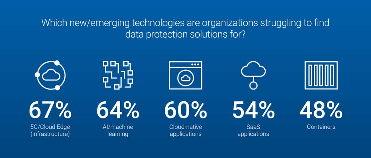 เทคโนโลยีเกิดใหม่ ความท้าทายสำหรับโซลูชันการปกป้องข้อมูล จากการที่เทคโนโลยีเกิดใหม่ หรือ emerging technologies ยังคงก้าวหน้าและเป็นตัวกำหนดภูมิทัศน์ดิจิทัล องค์กรต่างกำลังเรียนรู้วิธีการใช้เทคโนโลยีเหล่านี้เพื่อผลลัพธ์ทางธุรกิจที่ดีขึ้น การศึกษาระบุว่าองค์กรผู้ตอบแบบสอบถามในภูมิภาคเอเชียแปซิฟิกเกือบทั้งหมดกำลังลงในเทคโนโลยีใหม่หรือเทคโนโลยีที่กำลังจะเกิดขึ้นในห้าอันดับแรก (top 5) ดังนี้ 1) แอปพลิเคชันคลาวด์ หรือ cloud-native applications (64 เปอร์เซ็นต์) 2) ซอฟต์แวร์ในรูปแบบการบริการ (software-as-a-service: SaaS) (58 เปอร์เซ็นต์) 3) ปัญญาประดิษฐ์ (AI) และแชชีน เลิร์นนิ่ง (ML) (50 เปอร์เซ็นต์) 4) 5G และโครงสร้างพื้นฐานคลาวด์ เอดจ์ (49 เปอร์เซ็นต์) และ 5) อินเทอร์เน็ต ออฟ ธิงส์/เอ็นด์ พ้อยต์ (end point) (45 เปอร์เซ็นต์)
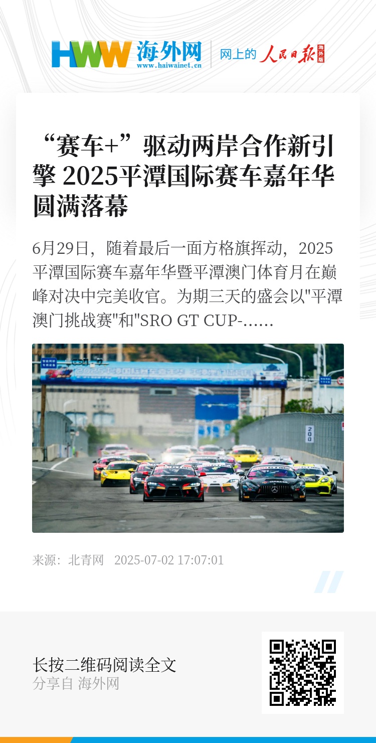 随着如意湖赛道胎痕渐淡,平潭"赛车+"模式开启的新航程已然启锚。这里的速度传奇,正在转化为两岸四地民心相通、产业共融的持久动能。(林彤欣)
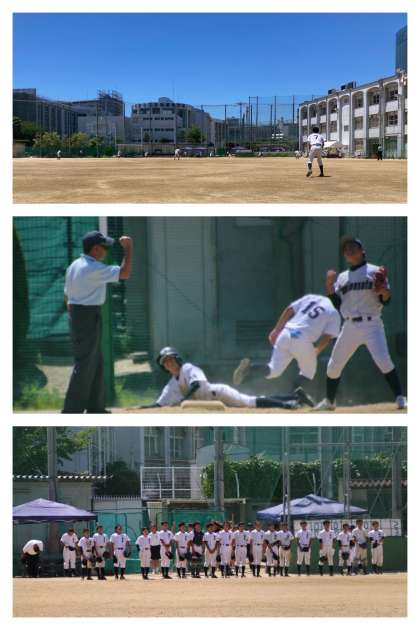 野球部の大会3回戦は、炎天下の下での試合となり、逆転に次ぐ逆転の展開になりました。保護者をはじめ、たくさんお越しいただいた応援の方々の声援を力に最後まで戦いましたが、残念ながらの2対3で敗退となりました。
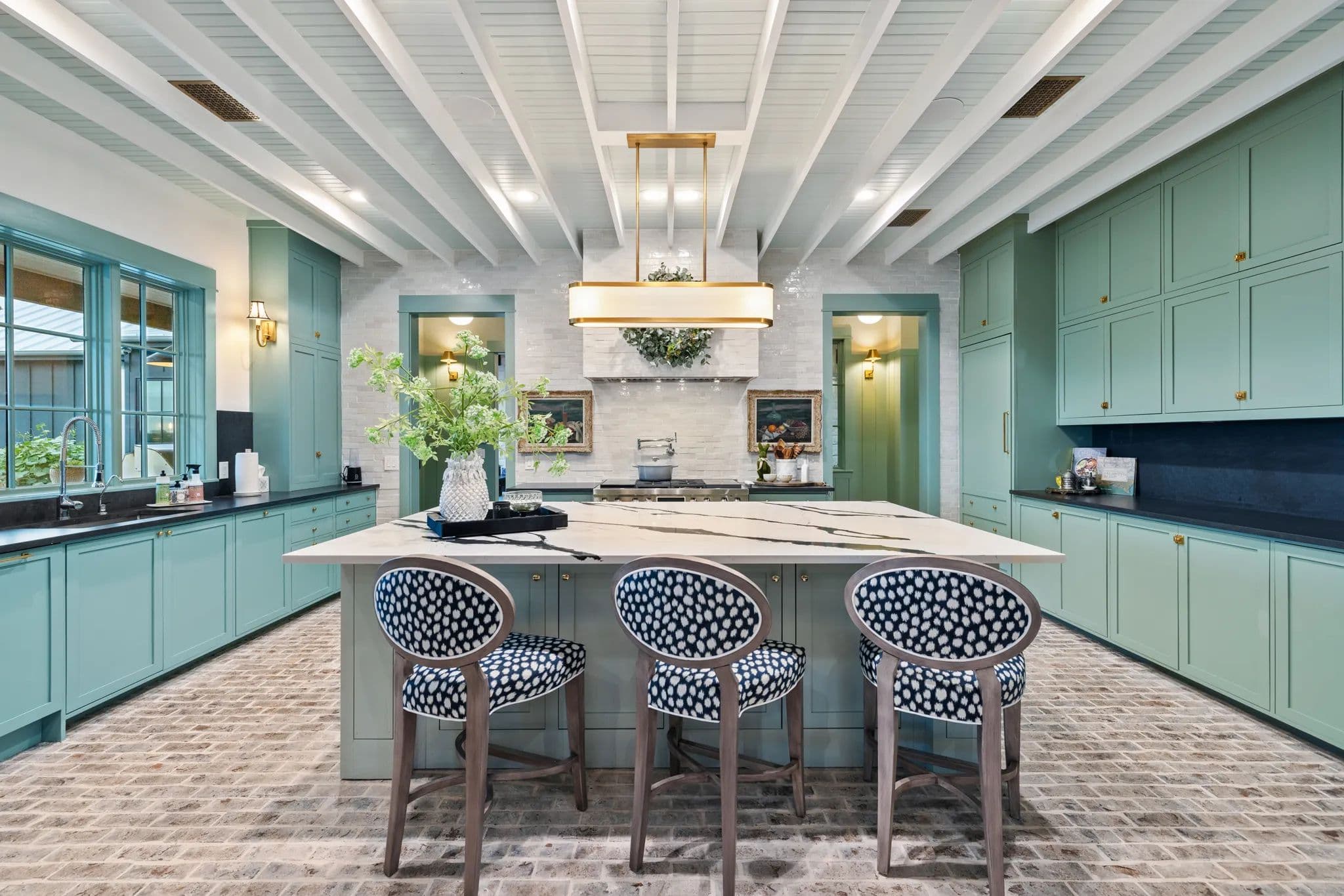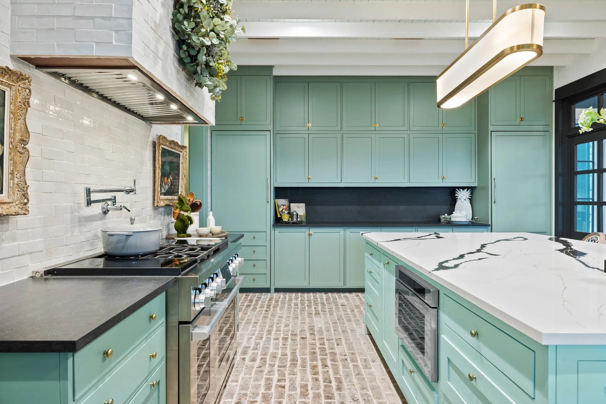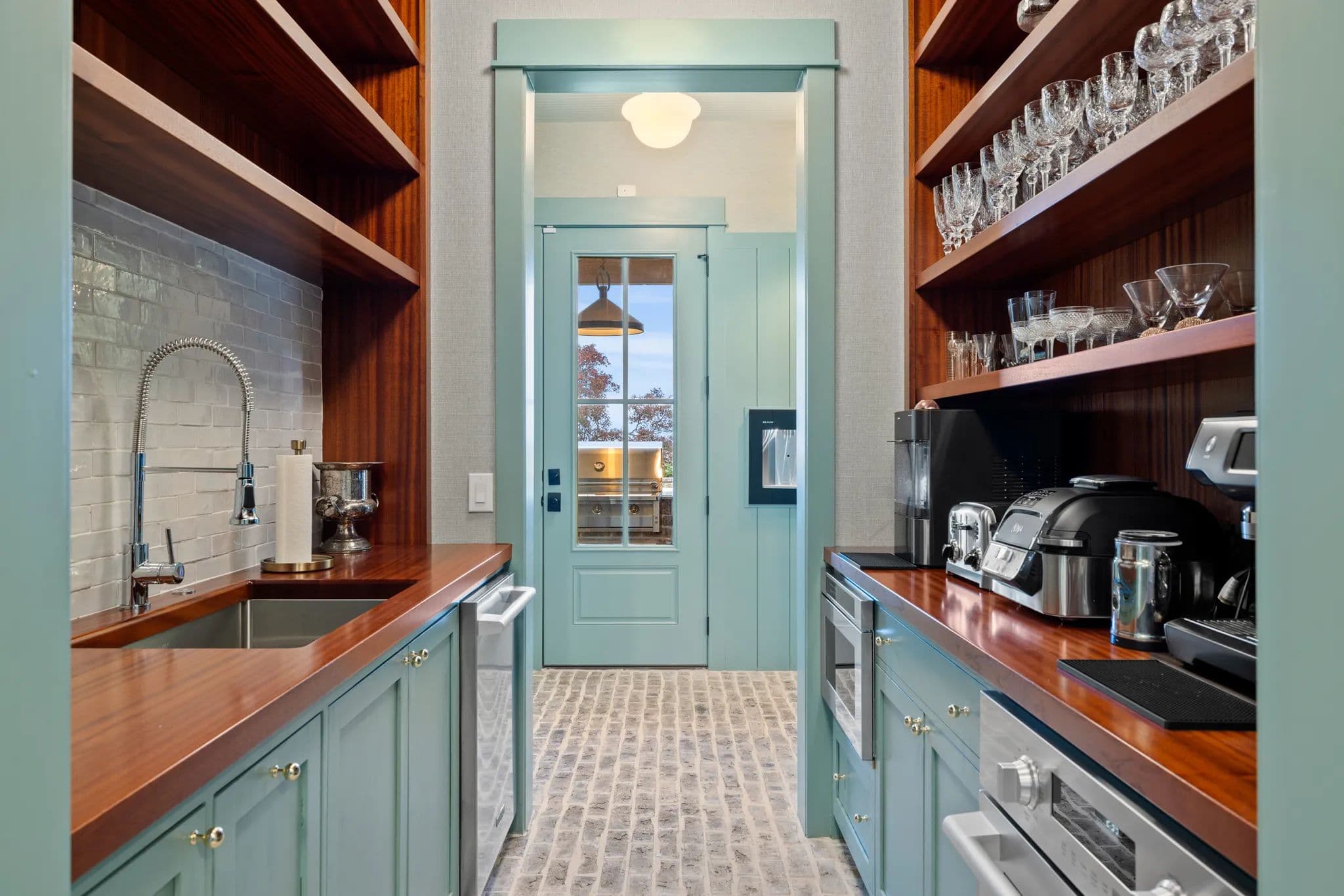 The home's kitchen is equipped with top-of-the-line Samsung Signature Series appliances, including a double oven, microwave, gas stove top with 4 burners, a sous vide, and an induction burner. There is also a separate fridge and freezer, dishwasher, and an extra-large island with quartz countertops. The butler's pantry features a second dishwasher, additional oven and microwave, sink, small wine fridge, and a drinking water dispenser. The laundry room includes a washer/dryer, sink, clothes steamer closet, and a dog bath/shower.

**What you have to do:**
Each line above should be written out again unchanged; no images are to be carried over.

**Task response:**
 เทคโนโลยีเกิดใหม่ ความท้าทายสำหรับโซลูชันการปกป้องข้อมูล จากการที่เทคโนโลยีเกิดใหม่ หรือ emerging technologies ยังคงก้าวหน้าและเป็นตัวกำหนดภูมิทัศน์ดิจิทัล องค์กรต่างกำลังเรียนรู้วิธีการใช้เทคโนโลยีเหล่านี้เพื่อผลลัพธ์ทางธุรกิจที่ดีขึ้น การศึกษาระบุว่าองค์กรผู้ตอบแบบสอบถามในภูมิภาคเอเชียแปซิฟิกเกือบทั้งหมดกำลังลงในเทคโนโลยีใหม่หรือเทคโนโลยีที่กำลังจะเกิดขึ้นในห้าอันดับแรก (top 5) ดังนี้ 1) แอปพลิเคชันคลาวด์ หรือ cloud-native applications (64 เปอร์เซ็นต์) 2) ซอฟต์แวร์ในรูปแบบการบริการ (software-as-a-service: SaaS) (58 เปอร์เซ็นต์) 3) ปัญญาประดิษฐ์ (AI) และแชชีน เลิร์นนิ่ง (ML) (50 เปอร์เซ็นต์) 4) 5G และโครงสร้างพื้นฐานคลาวด์ เอดจ์ (49 เปอร์เซ็นต์) และ 5) อินเทอร์เน็ต ออฟ ธิงส์/เอ็นด์ พ้อยต์ (end point) (45 เปอร์เซ็นต์)
 随着如意湖赛道胎痕渐淡,平潭"赛车+"模式开启的新航程已然启锚。这里的速度传奇,正在转化为两岸四地民心相通、产业共融的持久动能。(林彤欣)
 野球部の大会3回戦は、炎天下の下での試合となり、逆転に次ぐ逆転の展開になりました。保護者をはじめ、たくさんお越しいただいた応援の方々の声援を力に最後まで戦いましたが、残念ながらの2対3で敗退となりました。
 The home's kitchen is equipped with top-of-the-line Samsung Signature Series appliances, including a double oven, microwave, gas stove top with 4 burners, a sous vide, and an induction burner. There is also a separate fridge and freezer, dishwasher, and an extra-large island with quartz countertops. The butler's pantry features a second dishwasher, additional oven and microwave, sink, small wine fridge, and a drinking water dispenser. The laundry room includes a washer/dryer, sink, clothes steamer closet, and a dog bath/shower.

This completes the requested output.